The CP also identifies more generally the problem of private sector persons or
bodies performing public functions, as in Datafin,17 regardless of whether the
decision might have been treated as being made "under an enactment" if only it
had been made by a government official.
It seems to me that there is one problem, not two, although I agree that it can manifest in
different guises.
I return to the Victorian Bar Council's suggested way around NEAT Domestic. The
suggested reform would go too far, because it picks up the decision-making of private
persons or bodies who may legitimately pay no regard to the public interest. In my trade
mark example, I am allowed to maintain my opposition on purely selfish grounds. This, in
fact, was the nub of Gleeson CJ's judgment in NEAT Domestic – his Honour focused not on
whether the decision-maker inhabited the public or private sphere, but whether it was
allowed by law to be utterly self-regarding.
Datafin might be uncertain, but it recognises that private bodies sometimes exercise public
(or governmental) power. Datafin's progeny also recognise that government frequently
exercises private power.
In each case (NEAT Domestic and Datafin), the problem is the same – how to define public
power. And it is no way around that problem to use other terms, such as "governmental", or
"public function". Those terms pose the same definitional problem.
I should add that it is equally unacceptable to reframe the test as being whether natural
justice applies to the decision-making process (a test that the CP discusses at [4.25]-[4.27]).
That is unacceptable because a natural justice test would both under-reach and over-reach. It
would under-reach in cases where the decision-maker is clearly making a judicially
reviewable decision but at the same time, is not bound by the principles of natural justice.
Obvious examples come from decisions to issue arrest or search warrants, because those
decisions need not comply with the principles of natural justice.
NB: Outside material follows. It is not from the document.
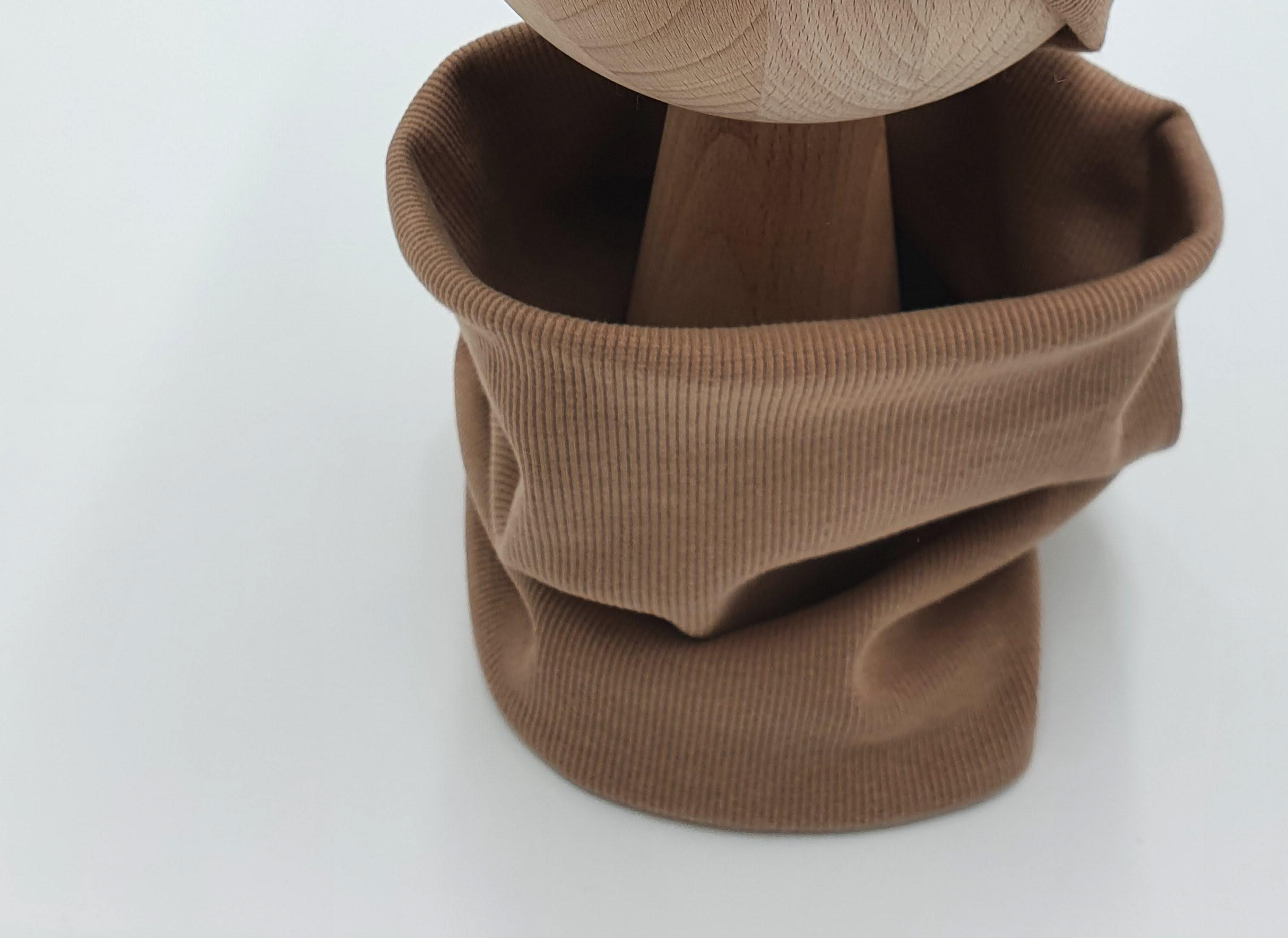 Komin z dzianiny prążkowanej w kolorze ciemny beż.

It would over-reach in cases
where sporting bodies or clubs or private associations are contractually bound to observe the
principles of natural justice. Judicial review procedures would not apply in such contractual
contexts.
In addition, the Victorian suggestion does nothing to explain why judicial review abstains
from covering government's procurement decisions.
It seems to me that the fundamental difference is between decision-making that must take
account of at least some aspects of the public interest, and decision-making that the law
permits to be made on the grounds purely of self-interest. If ADJR were to define public
power in those terms, then the scope of that Act could (and should) be extended to cover
decisions, conduct, acts or omissions in breach of Commonwealth law imposing restraints
on or requirements for the exercise of public power.
Mark Aronson
13 May 2011.
17
R v Panel on Take-overs and Mergers; Ex parte Datafin Plc [1987] 1 QB 815.